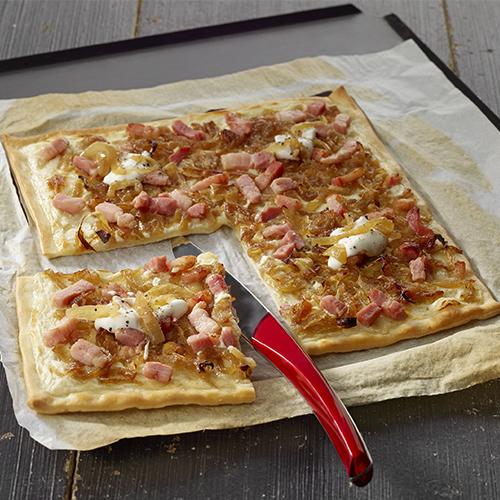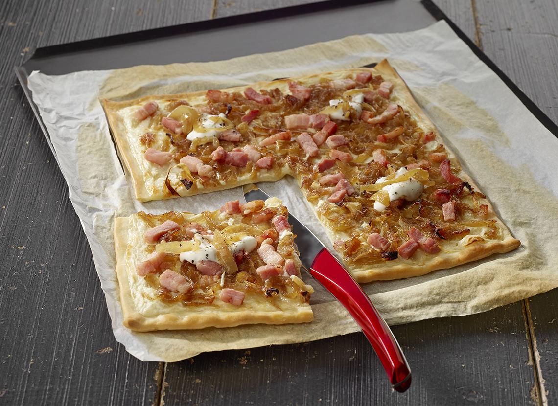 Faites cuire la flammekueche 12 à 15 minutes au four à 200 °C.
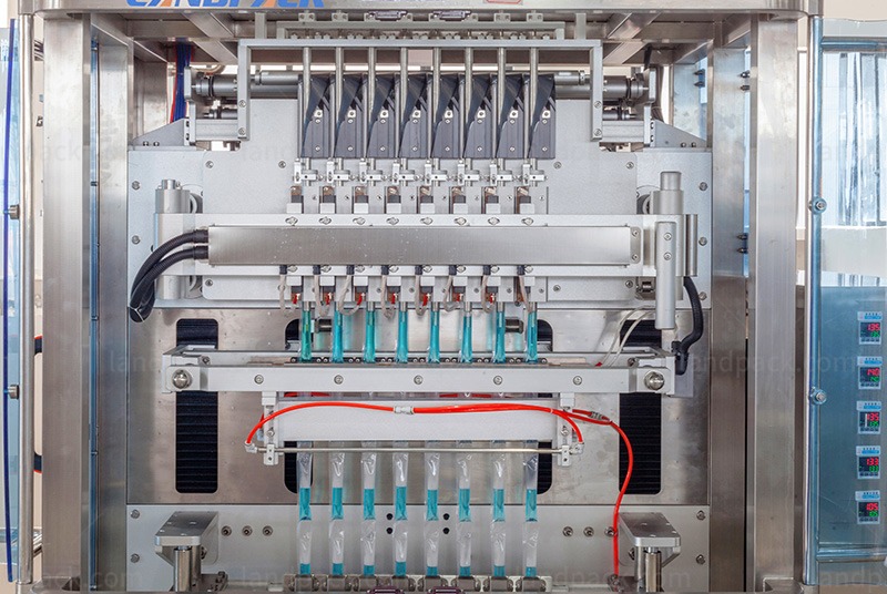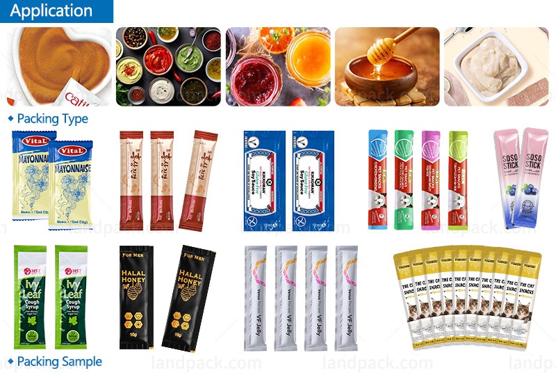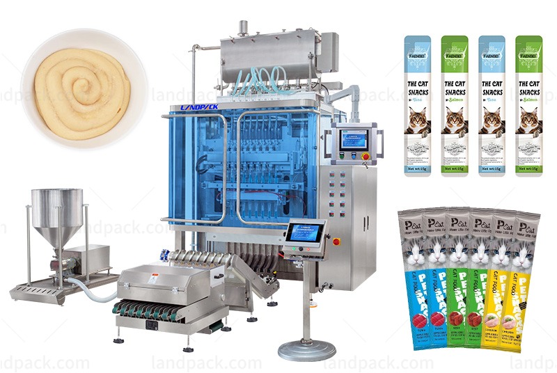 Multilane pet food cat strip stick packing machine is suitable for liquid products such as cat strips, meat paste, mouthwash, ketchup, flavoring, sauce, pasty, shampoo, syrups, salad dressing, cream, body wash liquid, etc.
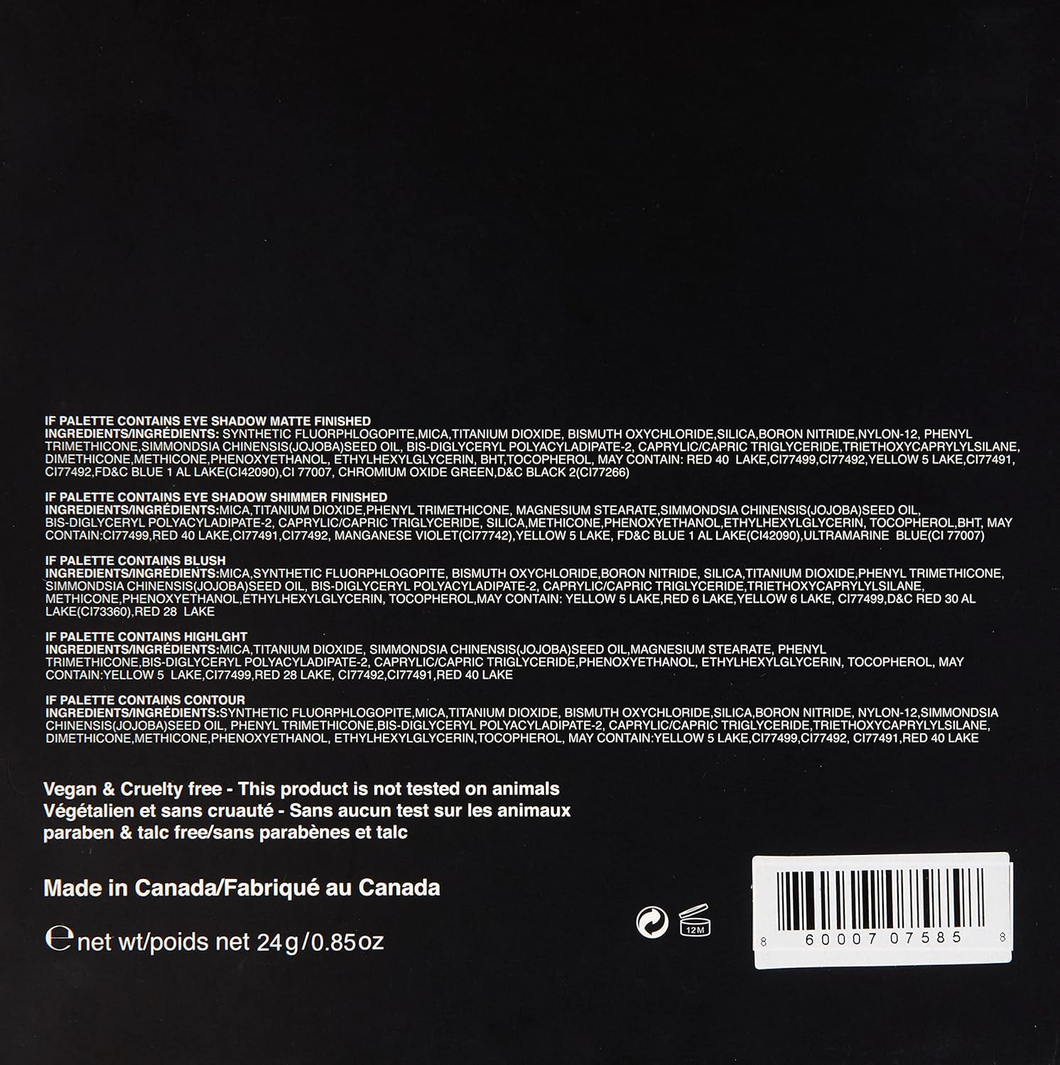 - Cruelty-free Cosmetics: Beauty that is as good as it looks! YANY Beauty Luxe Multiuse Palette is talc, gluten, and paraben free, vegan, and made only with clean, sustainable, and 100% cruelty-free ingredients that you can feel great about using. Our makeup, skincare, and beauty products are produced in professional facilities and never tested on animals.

### Exercise requirements
Output everything in the material exactly. Pictures stay out of it.

### Problem solution
 Faites cuire la flammekueche 12 à 15 minutes au four à 200 °C.
 Multilane pet food cat strip stick packing machine is suitable for liquid products such as cat strips, meat paste, mouthwash, ketchup, flavoring, sauce, pasty, shampoo, syrups, salad dressing, cream, body wash liquid, etc.
 - Cruelty-free Cosmetics: Beauty that is as good as it looks! YANY Beauty Luxe Multiuse Palette is talc, gluten, and paraben free, vegan, and made only with clean, sustainable, and 100% cruelty-free ingredients that you can feel great about using. Our makeup, skincare, and beauty products are produced in professional facilities and never tested on animals.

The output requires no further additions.